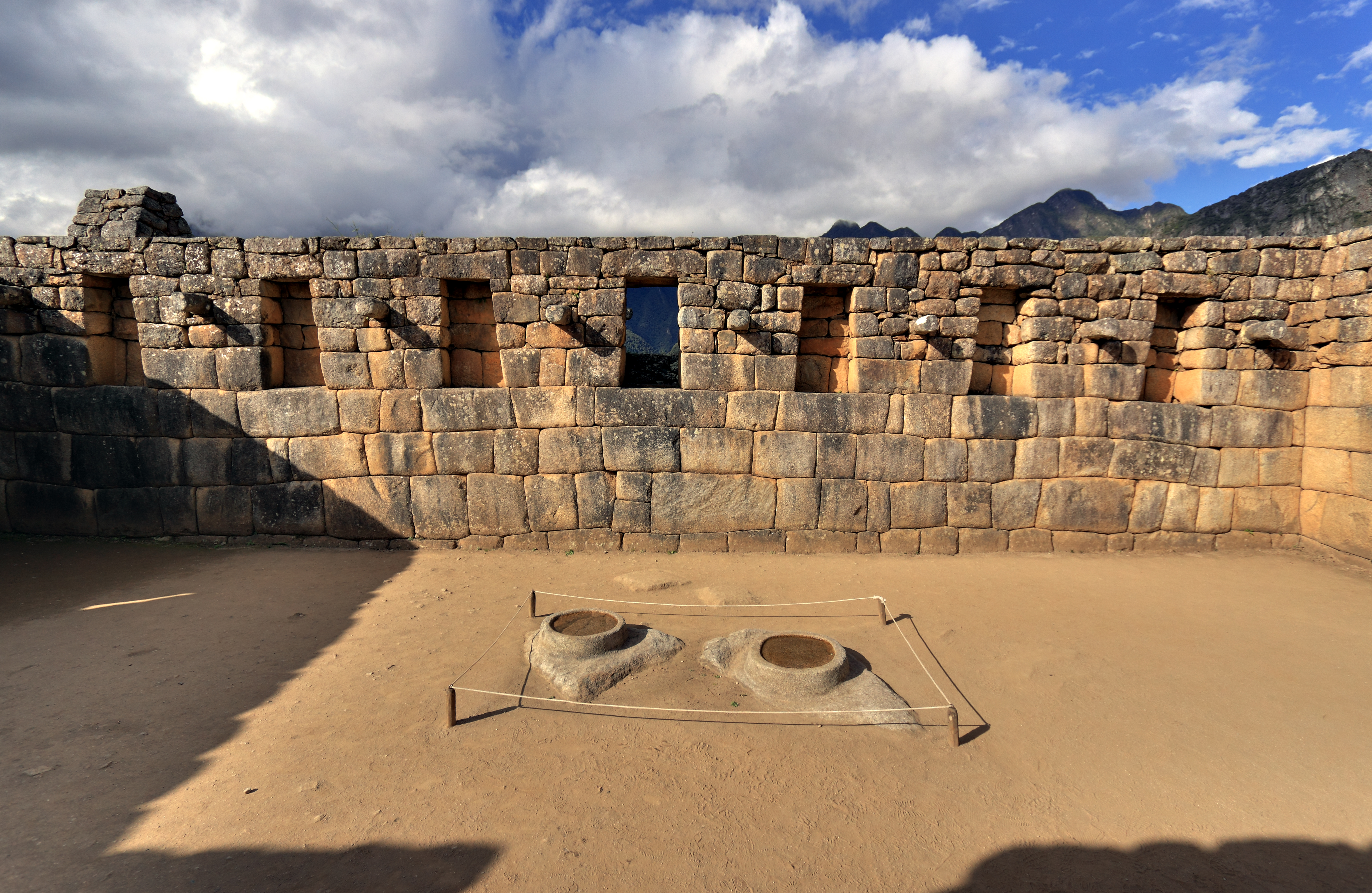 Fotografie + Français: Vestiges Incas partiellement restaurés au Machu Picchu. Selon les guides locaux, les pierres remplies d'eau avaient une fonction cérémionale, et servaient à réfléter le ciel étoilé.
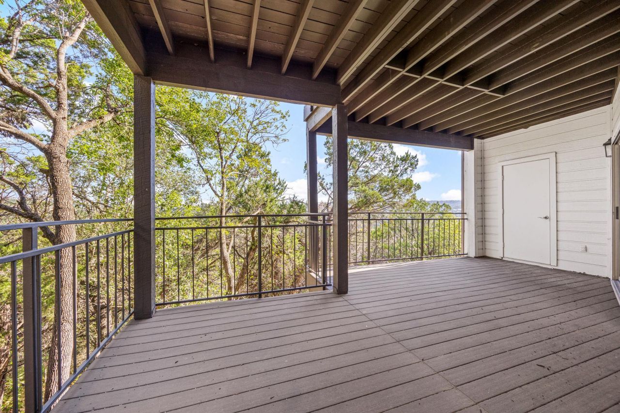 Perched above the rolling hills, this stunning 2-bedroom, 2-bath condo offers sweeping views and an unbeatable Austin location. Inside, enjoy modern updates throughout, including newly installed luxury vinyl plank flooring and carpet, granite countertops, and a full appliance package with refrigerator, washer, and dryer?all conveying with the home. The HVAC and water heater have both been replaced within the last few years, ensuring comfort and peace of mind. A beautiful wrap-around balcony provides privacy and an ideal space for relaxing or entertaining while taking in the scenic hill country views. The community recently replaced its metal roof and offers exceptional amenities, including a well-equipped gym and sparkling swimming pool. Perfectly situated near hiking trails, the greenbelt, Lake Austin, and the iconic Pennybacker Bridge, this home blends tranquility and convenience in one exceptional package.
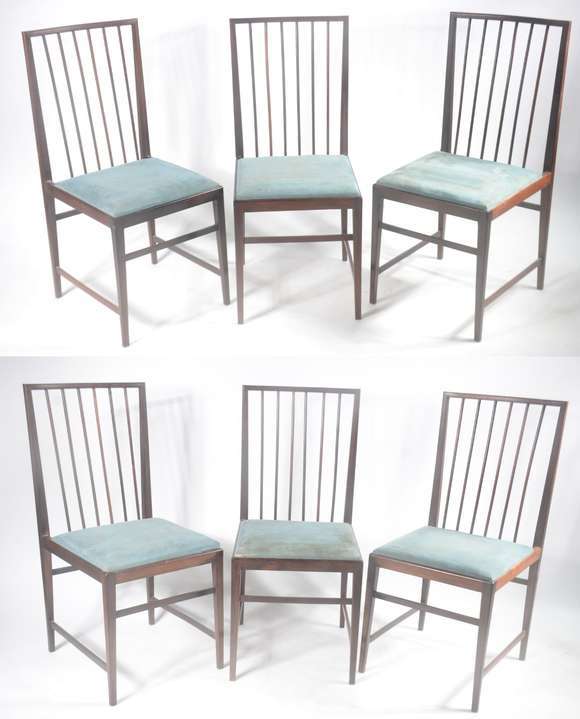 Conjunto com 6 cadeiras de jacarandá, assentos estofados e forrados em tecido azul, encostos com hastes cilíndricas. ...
+---+
== Task to carry out ==
Skip the pictures, then retype every line above exactly.

== Final answer ==
 Fotografie + Français: Vestiges Incas partiellement restaurés au Machu Picchu. Selon les guides locaux, les pierres remplies d'eau avaient une fonction cérémionale, et servaient à réfléter le ciel étoilé.
 Perched above the rolling hills, this stunning 2-bedroom, 2-bath condo offers sweeping views and an unbeatable Austin location. Inside, enjoy modern updates throughout, including newly installed luxury vinyl plank flooring and carpet, granite countertops, and a full appliance package with refrigerator, washer, and dryer?all conveying with the home. The HVAC and water heater have both been replaced within the last few years, ensuring comfort and peace of mind. A beautiful wrap-around balcony provides privacy and an ideal space for relaxing or entertaining while taking in the scenic hill country views. The community recently replaced its metal roof and offers exceptional amenities, including a well-equipped gym and sparkling swimming pool. Perfectly situated near hiking trails, the greenbelt, Lake Austin, and the iconic Pennybacker Bridge, this home blends tranquility and convenience in one exceptional package.
 Conjunto com 6 cadeiras de jacarandá, assentos estofados e forrados em tecido azul, encostos com hastes cilíndricas. ...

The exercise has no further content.